The issue in this case is whether the trial court abused its discretion in denying defendant’s request to allow Dr. Loftus’s expert testimony on the reliability of eyewitness identifications.

To begin with, there is no question that this is the type of case for which expert eyewitness testimony is both relevant and appropriate. The only evidence of defendant’s guilt in this case is the eyewitness identifications made by Clark and Gill. There is no physical evidence tying defendant to the crime, and defendant neither confessed nor made any other type of incriminating statement. In other words, the State’s case against defendant hangs 100% on the reliability of its eyewitness identifications.

In addition, of the several factors that both Dr. Fulero and Dr. Loftus identified as potentially contributing to the unreliability of eyewitness identification, most are either present or possibly present in this case. These include the stress of the event itself, the use and presence of a weapon, the wearing of a partial disguise, exposure to post event information, nighttime viewing, and cross-racial identification.

According to Dr. Loftus’s report, the factors impacting the reliability of eyewitness identifications can operate even when the witness is previously acquainted with the accused, and Dr. Loftus’s testimony would not include any opinion as to the credibility of any specific witness or any specific identification.

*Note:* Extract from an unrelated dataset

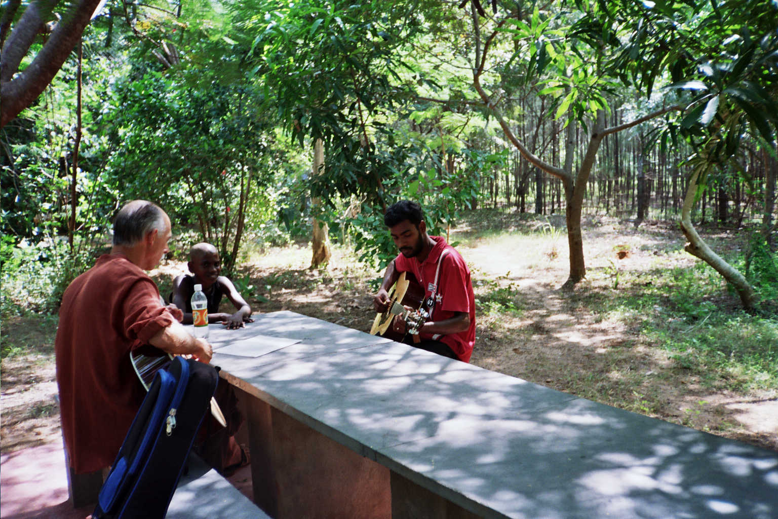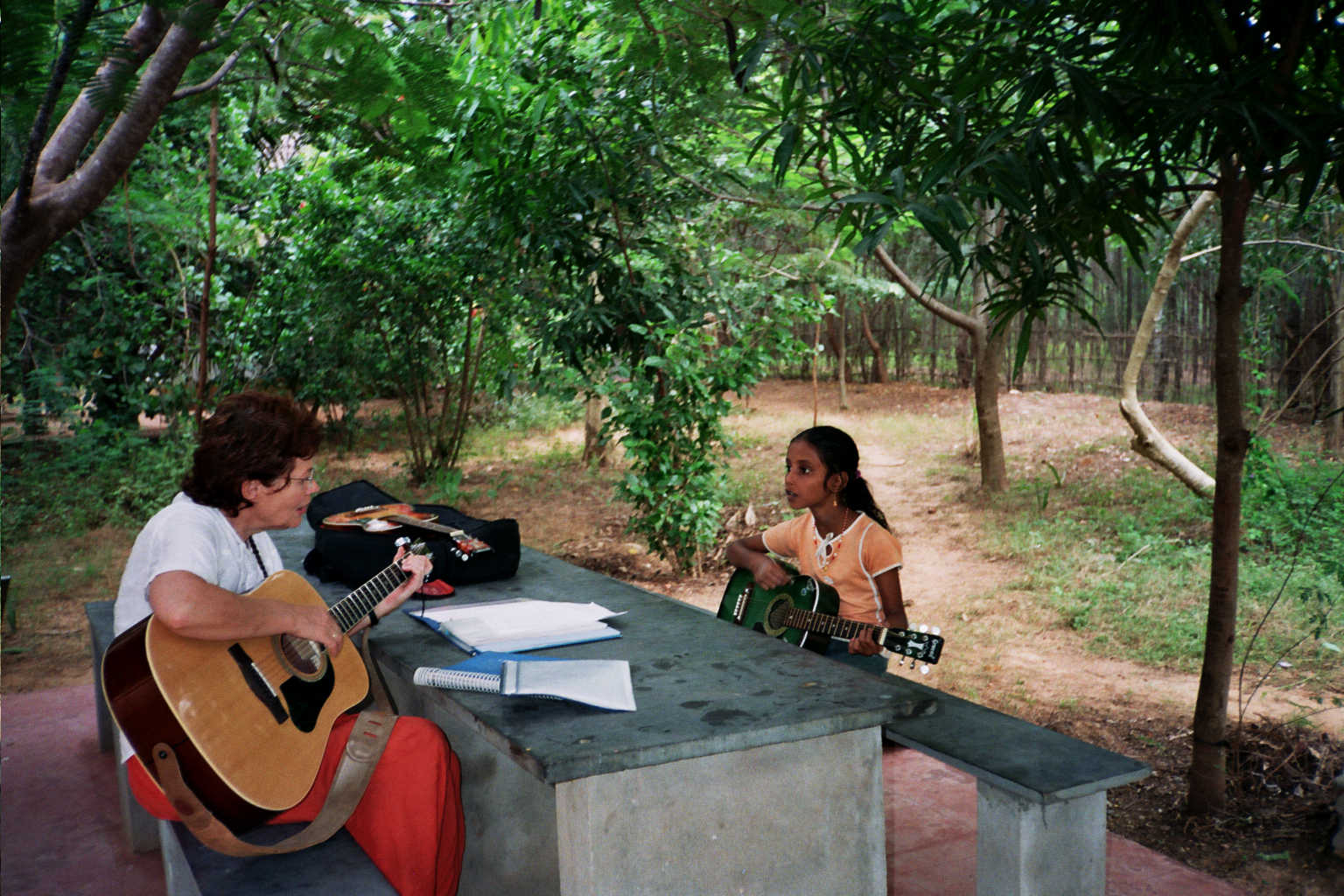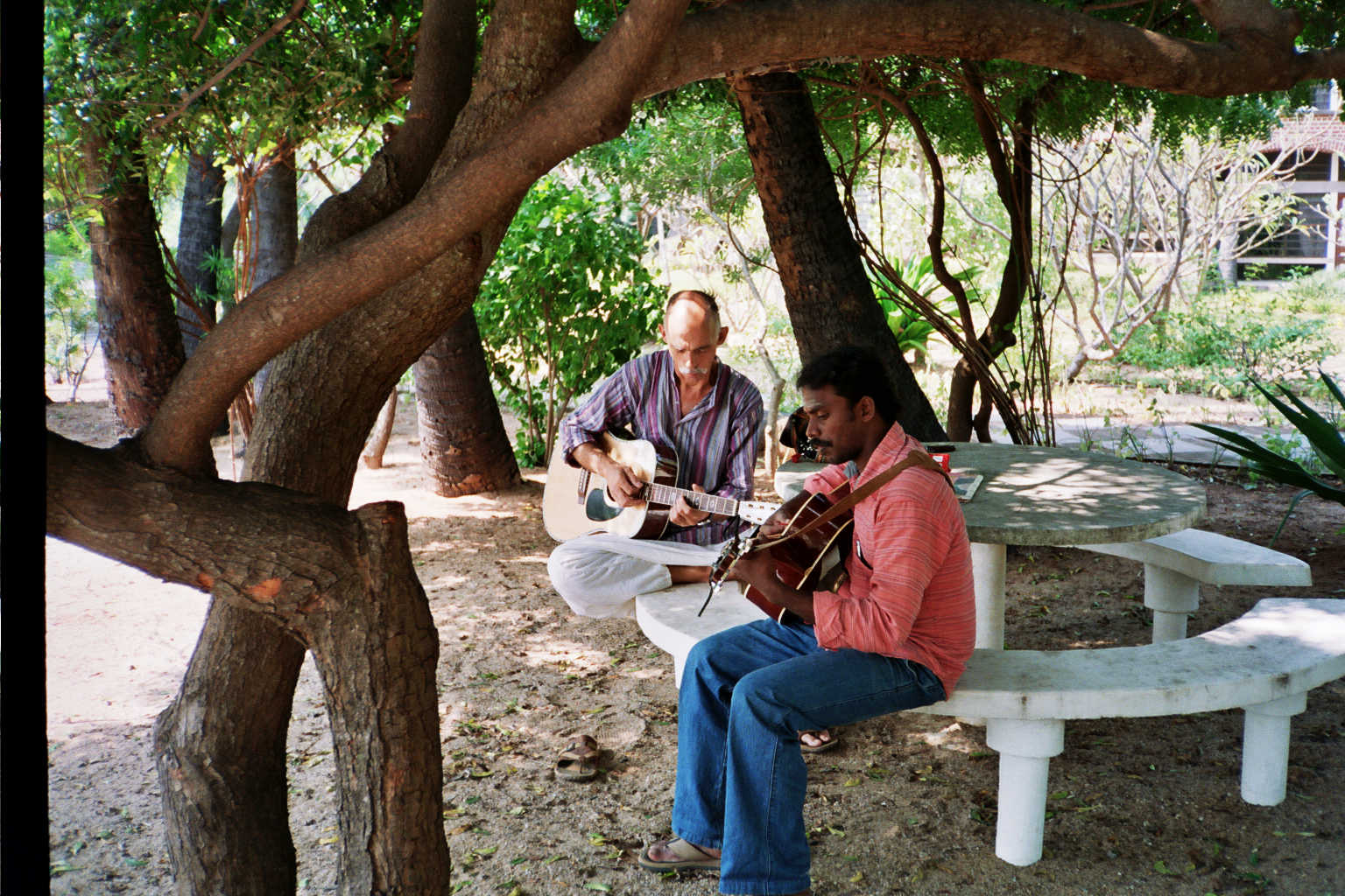 Halverwege 2007 ontvangen we (Dick en Marion) bij De Gitaarpraktijk een E-mail van de Stichting Isai Ma(i)yam met de vraag of we vrijwilligerswerk (in de vorm van gitaarles) willen gaan doen in India. De gitaarlessen moeten gegeven worden aan kansarme kasteloze kinderen, vier talentvolle jongens van gemiddeld 23 jaar en twee/drie dagen per week aan gehandicapte kinderen. Dit laatste betreft dan meer muziektherapie.

Abuse of discretion is a highly deferential standard of review, and we reiterate that we will find such abuse only when the trial court’s decision is “arbitrary, fanciful, or unreasonable to the degree that no reasonable person would agree with it.”  We find that to be the case here. As discussed above, what we have in this case is the trial court denying defendant’s request to present relevant and probative testimony from a qualified expert that speaks directly to the State’s only evidence against him, and doing so for reasons that are both expressly contradicted by the expert’s report and inconsistent with the actual facts of the case. A decision of that nature rises to the level of both arbitrary and unreasonable to an unacceptable degree, and we therefore find that the trial court’s decision denying defendant’s request to admit Dr. Loftus’s expert testimony was an abuse of discretion.

For the foregoing reasons, we affirm the judgment of the appellate court, which reversed the judgment of the trial court and remanded the cause for a new trial with directions to allow expert testimony on eyewitness identification subject to the provisions of Rule 702 of the Illinois Rules of Evidence (eff. Jan. 1, 2011).